# Data section:
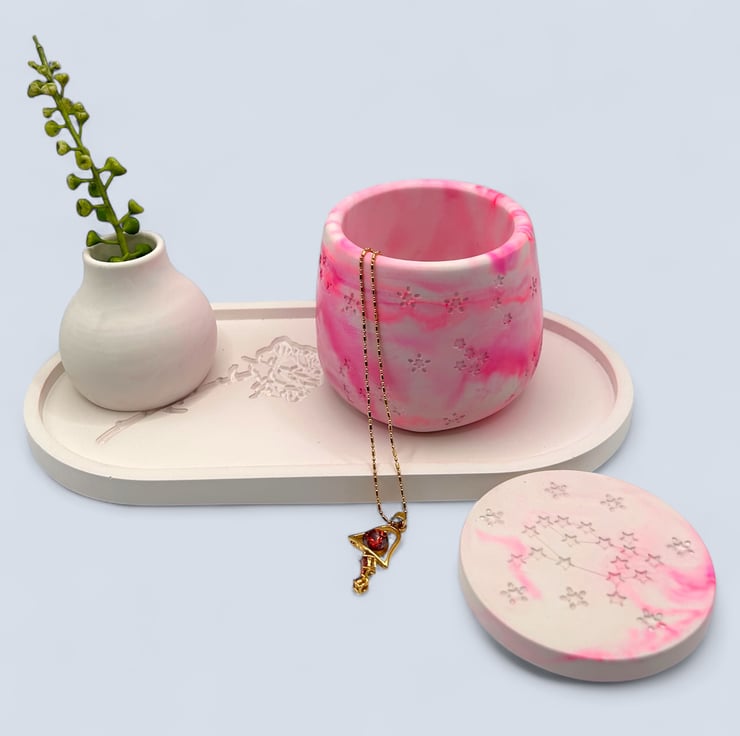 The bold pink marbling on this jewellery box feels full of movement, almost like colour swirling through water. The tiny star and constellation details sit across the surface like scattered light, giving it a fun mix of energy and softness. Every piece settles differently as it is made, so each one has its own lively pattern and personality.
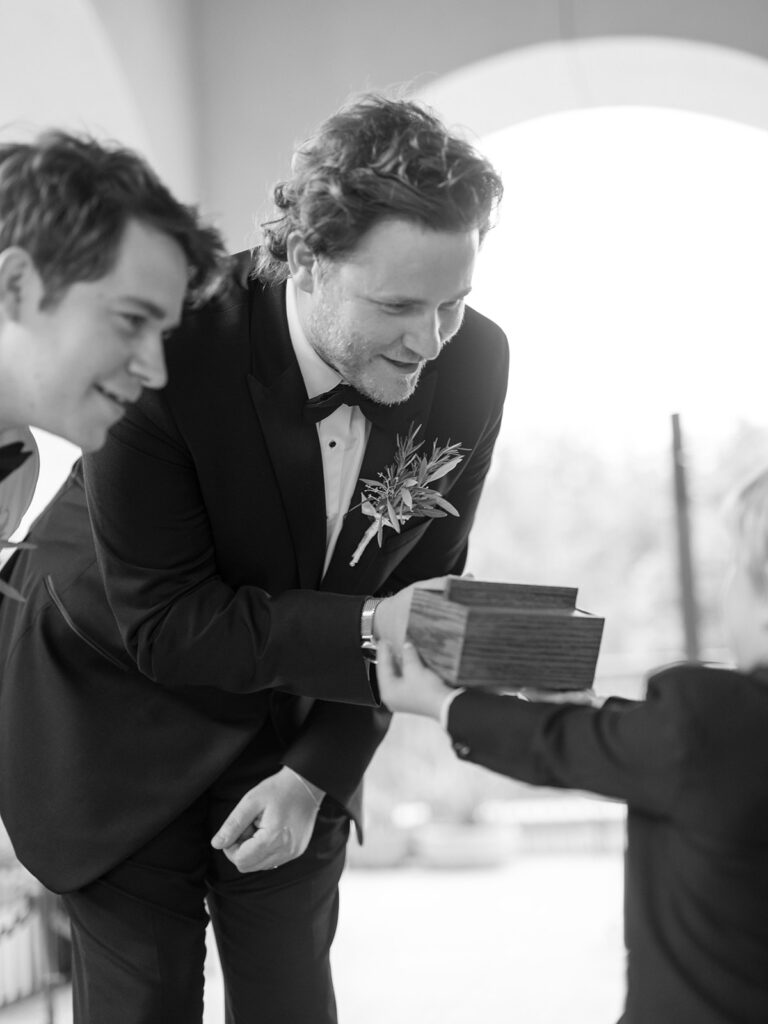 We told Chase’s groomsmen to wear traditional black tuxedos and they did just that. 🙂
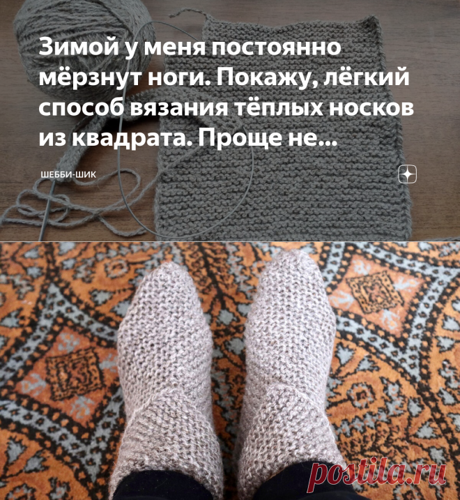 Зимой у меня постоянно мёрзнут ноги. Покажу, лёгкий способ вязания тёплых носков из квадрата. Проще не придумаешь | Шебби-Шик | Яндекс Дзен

# Aim of the task:
Restate the data above word for word, omitting every picture.

# Task answer:
 The bold pink marbling on this jewellery box feels full of movement, almost like colour swirling through water. The tiny star and constellation details sit across the surface like scattered light, giving it a fun mix of energy and softness. Every piece settles differently as it is made, so each one has its own lively pattern and personality.
 We told Chase’s groomsmen to wear traditional black tuxedos and they did just that. 🙂
 Зимой у меня постоянно мёрзнут ноги. Покажу, лёгкий способ вязания тёплых носков из квадрата. Проще не придумаешь | Шебби-Шик | Яндекс Дзен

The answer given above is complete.